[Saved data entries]
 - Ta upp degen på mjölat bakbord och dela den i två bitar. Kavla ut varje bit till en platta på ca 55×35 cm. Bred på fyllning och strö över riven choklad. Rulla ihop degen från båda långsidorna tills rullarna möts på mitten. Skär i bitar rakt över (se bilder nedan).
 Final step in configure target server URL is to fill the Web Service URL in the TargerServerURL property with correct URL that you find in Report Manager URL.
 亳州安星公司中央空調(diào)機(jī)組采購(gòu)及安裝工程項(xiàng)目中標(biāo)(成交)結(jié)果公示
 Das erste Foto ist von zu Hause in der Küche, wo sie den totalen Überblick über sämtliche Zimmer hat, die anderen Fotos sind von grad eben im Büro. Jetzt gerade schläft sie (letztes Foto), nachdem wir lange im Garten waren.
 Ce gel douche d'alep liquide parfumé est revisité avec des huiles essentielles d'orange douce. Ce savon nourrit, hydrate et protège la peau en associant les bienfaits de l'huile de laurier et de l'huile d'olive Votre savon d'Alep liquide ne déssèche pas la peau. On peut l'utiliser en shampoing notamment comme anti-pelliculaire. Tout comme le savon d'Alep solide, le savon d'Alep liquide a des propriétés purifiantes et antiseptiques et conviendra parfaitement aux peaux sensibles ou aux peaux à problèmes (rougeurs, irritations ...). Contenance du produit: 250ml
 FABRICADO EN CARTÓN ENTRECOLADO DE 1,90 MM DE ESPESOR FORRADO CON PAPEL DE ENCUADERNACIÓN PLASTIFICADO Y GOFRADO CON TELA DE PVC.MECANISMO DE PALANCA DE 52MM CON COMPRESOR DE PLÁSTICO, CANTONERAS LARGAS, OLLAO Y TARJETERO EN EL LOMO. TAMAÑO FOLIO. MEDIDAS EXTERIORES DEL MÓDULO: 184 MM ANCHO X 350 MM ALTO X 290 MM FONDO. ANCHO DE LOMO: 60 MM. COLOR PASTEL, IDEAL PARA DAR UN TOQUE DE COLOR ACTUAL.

**Problem statement:**
Transcribe the lines from the first line of the records through the line that contains "亳州安星公司中央空調(dià", both included, and add nothing else.

**Completed task:**
 - Ta upp degen på mjölat bakbord och dela den i två bitar. Kavla ut varje bit till en platta på ca 55×35 cm. Bred på fyllning och strö över riven choklad. Rulla ihop degen från båda långsidorna tills rullarna möts på mitten. Skär i bitar rakt över (se bilder nedan).
 Final step in configure target server URL is to fill the Web Service URL in the TargerServerURL property with correct URL that you find in Report Manager URL.
 亳州安星公司中央空調(diào)機(jī)組采購(gòu)及安裝工程項(xiàng)目中標(biāo)(成交)結(jié)果公示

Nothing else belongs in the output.